可是在这一切缤纷的变化之中,毕卡索保持他不变的气质。本质上说来,毕卡索是一位巴洛克式的艺术家。久居法国,亦成名于法国的毕卡索,一直保持他原籍西班牙的那种传统气质:华丽,凝重,且带点悲剧性。所谓“巴洛克”,原系指十七、十八世纪西欧艺术那种神奇,怪诞,过分装饰的一种风格。

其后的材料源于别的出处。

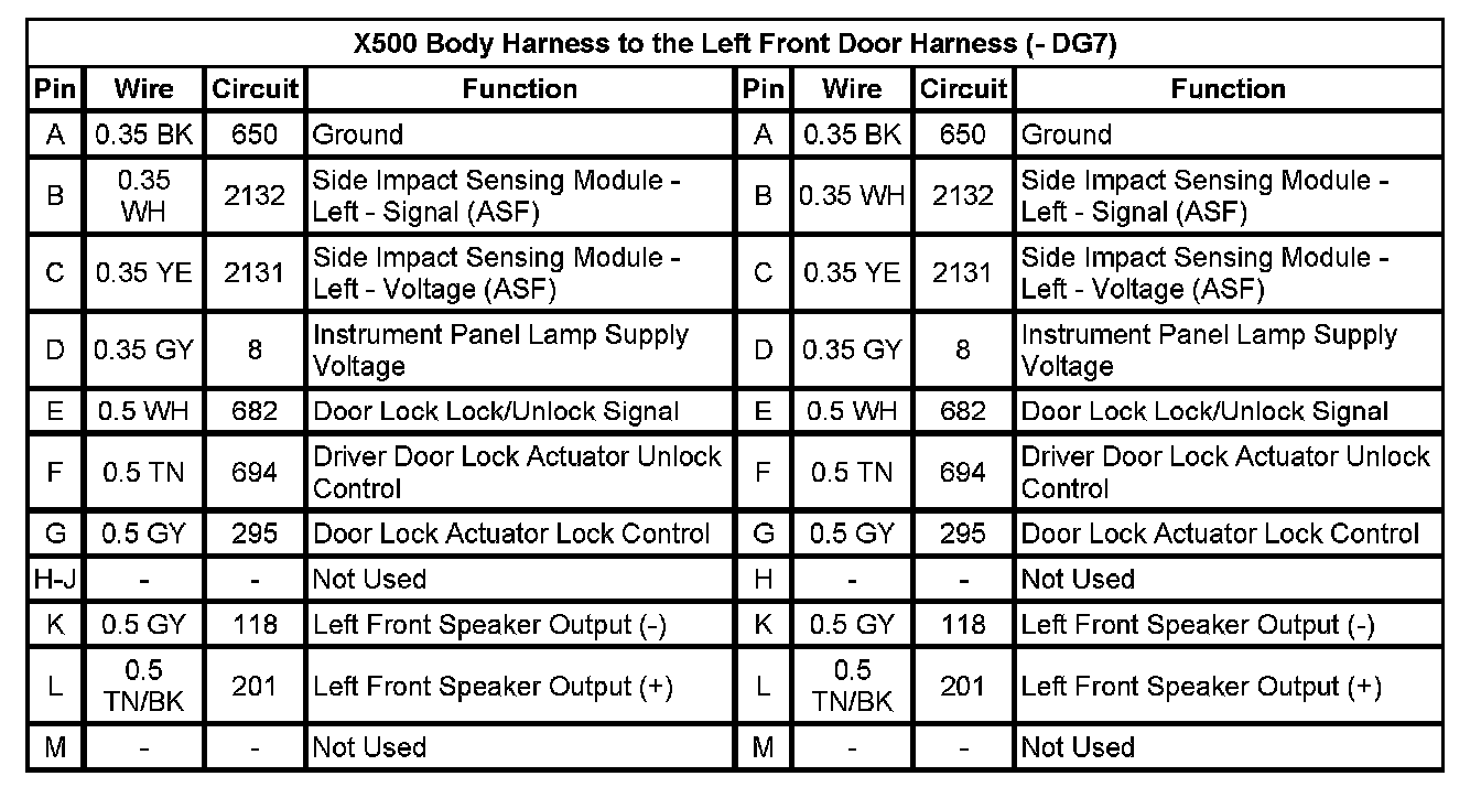 X500 Body Harness to the Left Front Door Harness (- DG7)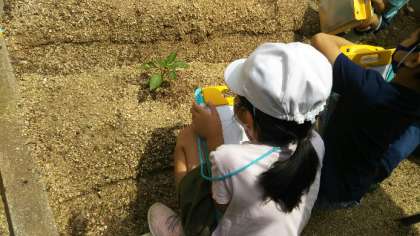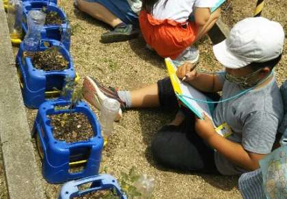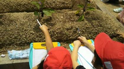 今日は、少しずつ大きくなってきた野菜の苗を観察していました。

西班牙画家,如戈耶、鲁奔士,甚至原籍希腊的艾尔·格瑞科,皆表现此种气质——这也就是何以西班牙产生了两位超现实主义的画家:米罗和达利。这些传统的西班牙大师,加上巴洛克风的建筑家高地,形成了毕卡索的民族遗产。此外他更吸收了希腊罗马的神话,非洲土人的原始艺术,北欧的哥德精神,以及自文艺复兴以迄库尔贝的自然主义之全部技巧。毕卡索是一个充满了矛盾的综合体。要了解他这些相异甚至于相反的风格,且让我们像一般的艺术批评家那样,将他的创作分成几个显著的时期来简述:
蓝色时期:自一九○一年迄一九○四年,是毕卡索的“蓝色时期”。这时毕卡索刚刚二十岁出头,初自西班牙去巴黎,尚未成名,和蒙马特尔的波希米亚族出没于阁楼、咖啡馆,及夜生活的世界。贫穷、寂寞,和忧郁原是西班牙画家的传统主题;加上初受戴嘉和土鲁斯·罗特列克的技巧的影响,毕卡索,像艾尔·格瑞科那样,将贫病无依的流浪人体拉长,裸露,且置之于一个甚为阴郁而且神秘的蓝色世界里。那蓝,惨幽幽的,伤心兮兮的,具有单色构图特具的那种以情调胜的one poema之感。无怪乎美国诗人史蒂文斯看了这时期的作品之一,《弹吉他的老人》,不禁要写那首四百行的长诗了。论者或谓,这些作品颇有抄袭土鲁斯·罗特列克之嫌。我不以为然。戴嘉和罗特列克画中的舞女及可怜人物是绝缘的美感对象,不如毕卡索笔下的人物那样富于表现主义的精神。也就是说,前者比较客观,后者比较主观。
玫瑰时期:或称小丑时期,为期凡两年。当毕卡索的生活比较愉快时,他的调色板也明亮起来。他的画中人物从惨蓝色的单色的世界里走出来,步入一个以玫瑰为基调而以其他色彩为辅调的空间。显然,色调转为轻柔,线条也比较流动,给人一种飘逸不定的感觉。可是这些作品予观众的印象仍非兴高采烈的快乐,而是一种以满不在乎的表情为面纱的淡淡的哀伤,与乎病态美。这时他的笔下出现的不复是蓝色时期那些街头琴师,营养不良的孩子,倦于工作的妇人、跛子、盲丐,或是饥寒交迫的家庭。代替他们的是马戏班的谐角与卖艺者。毕卡索攫住了这一行全部的诗意,也攫住了那种倦于流浪,娱人而不能自娱的落寞心情。里尔克的《杜依诺哀歌》,得来的灵感。